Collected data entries
┄┄┄┄┄┄┄┄┄┄

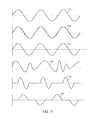 Waveforms1118-1120 depict variations where the stimulating waveform is generated having a largely smooth waveform, but having the additional feature where the interval between waveforms is set by varying a selectable delay, as would be used with the traditional biphasic pulse waveforms described previously. Inwaveform1118, the stimulating waveforms are segments of a sine wave separated in time (of course the same technique could be used for the truncated ramp, or other arbitrary morphologies).Waveform1120 shows a variation where the derivative in time of the waveform approaches zero as the amplitude approaches zero. Theparticular waveform1120 is known as a haversine pulse.
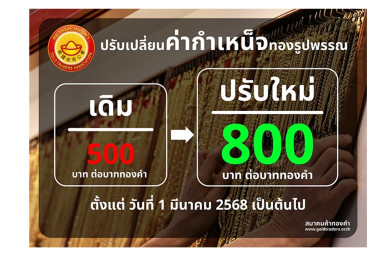 ต้นทุนพุ่ง! ดีเดย์ 1 มี.ค.68 ขึ้นค่ากำเหน็จทองรูปพรรณ เป็นบาททองคำละ 800 จากเดิม 500 บาท
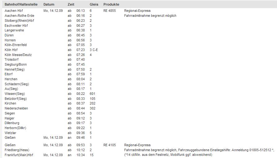 途径以下主要城市 亚琛, Dueren, 科隆, Siegen, Giessen.
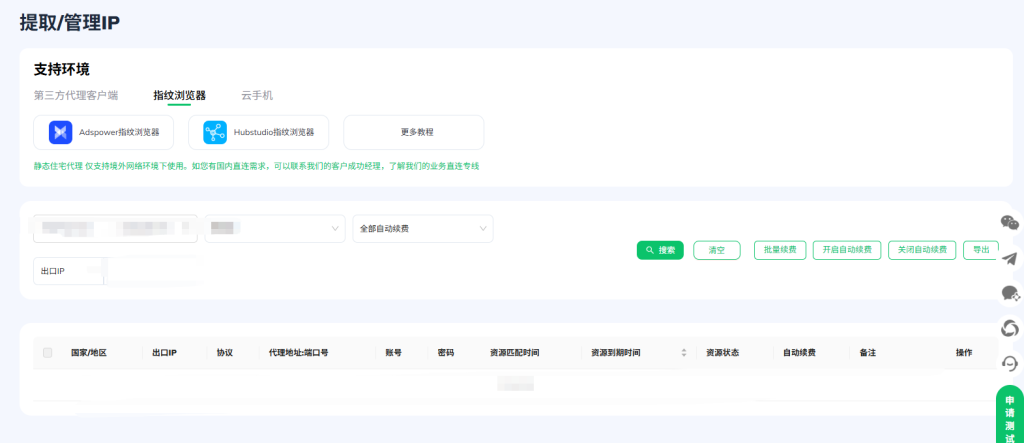 (3)随后在提取/管理IP中提取韩国IP的IP地址和端口,后面需要把IP信息配置到指纹浏览器中。
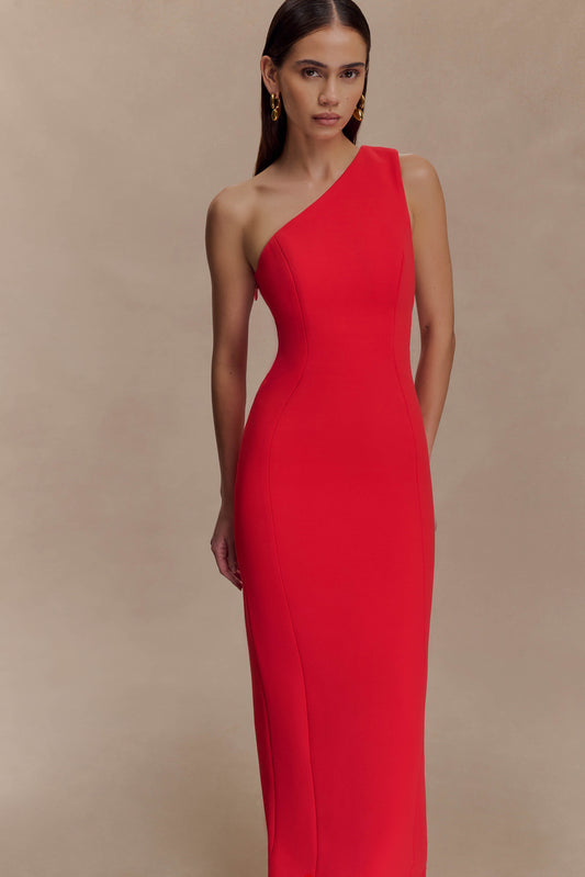 Milena One Shoulder Crepe Maxi Dress - Red
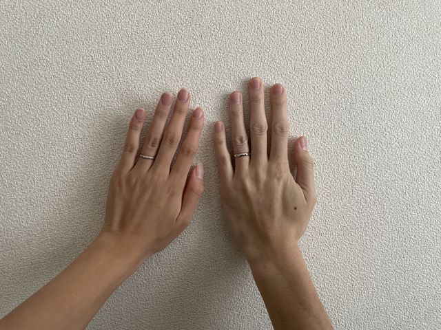2人で「シンプルなデザインがいいね!」という思いから始まった指輪探し。シンプルな指輪はどこのお店にもあるからこそ、アフターサービスと付け心地に拘りました。似合う指輪の診断もしてくれるので、納得のいく指輪選びができました!

┄┄┄┄┄┄┄┄┄┄

HOW TO COMPLETE THIS TASK
Print, exactly and without pictures, the lines from the one holding "途径以下主要城市 亚琛, Dueren, 科隆, Siegen, Giessen." through the last line of the entries above, both included.

EXERCISE RESPONSE
 途径以下主要城市 亚琛, Dueren, 科隆, Siegen, Giessen.
 (3)随后在提取/管理IP中提取韩国IP的IP地址和端口,后面需要把IP信息配置到指纹浏览器中。
 Milena One Shoulder Crepe Maxi Dress - Red
2人で「シンプルなデザインがいいね!」という思いから始まった指輪探し。シンプルな指輪はどこのお店にもあるからこそ、アフターサービスと付け心地に拘りました。似合う指輪の診断もしてくれるので、納得のいく指輪選びができました!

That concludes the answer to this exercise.